Raisa Gorokhovskaya

Personal information
- Born: 12 February 1932 Moscow, Russian SFSR, Soviet Union
- Died: 26 July 2020 (aged 88)
- Height: 1.48 m (4 ft 10 in)
- Weight: 46 kg (101 lb)

Sport
- Sport: Diving
- Club: Burevestnik, Leningrad

Medal record
European Championships
| Silver medal – second place | 1958 Budapest | 10 m platform |

= Raisa Gorokhovskaya =

Soviet diver (1932–2020)

Raisa Petrovna Gorokhovskaya (Раиса Петровна Гороховская; 12 February 1932 - 26 July 2020) was a Soviet diver who won a silver medal at the 1958 European Aquatics Championships in the 10 m platform. She also competed at the 1956 and at the 1960 Summer Olympics and finished in ninth and fifth place, respectively.

==Biography==
She was born in Moscow and between 1946 and 1949 studied at a circus school. In 1947 she was invited to train in a diving club and won the Moscow championships in the same year. While she had a strong base in acrobatics, it took her a year to learn swimming. Until then, a coach was helping her out of water with a pole after a jump.
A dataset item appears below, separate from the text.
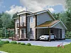 Двухэтажный дом «Джанкой» предназначен для большой семьи. Планировка предусматривает просторную террасу и навес для автомобиля. На каждом этаже имеется отдельный санузел.
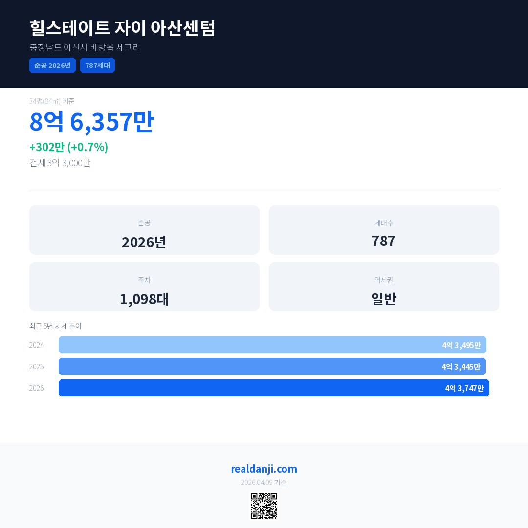 힐스테이트 자이 아산센텀 국민평형 기준 2026년 평균 거래가는 4억 3,747만으로, 전년 대비 0.7% 상승 했습니다.

In 1950 she married Leonid Zakharovich Gorokhovsky (Леонид Захарович Гороховский, b. 1925), a Navy officer who took her away to Saint Petersburg. They have two sons, born in 1952 and 1964. In 1953, her husband started studying the theory of diving and later became the first Soviet diving coach with a PhD in the subject. Between 1962 and 1969 he worked with the Uzbekistani diving team in Tashkent, and in 1969 moved to Moscow to coach the Soviet diving team.

After retirement from senior competitions in 1969 Gorokhovskaya worked for 40 years as a physiotherapists, at a Moscow boarding school for children with cerebral palsy. Her first son had the same disability, which motivated her to choose this profession.

Since 1992, she competed in the masters category and won 15 European and world titles in diving. Because of her small weight she always preferred a fixed diving platform to springboard. She also competed in masters swimming at the national level.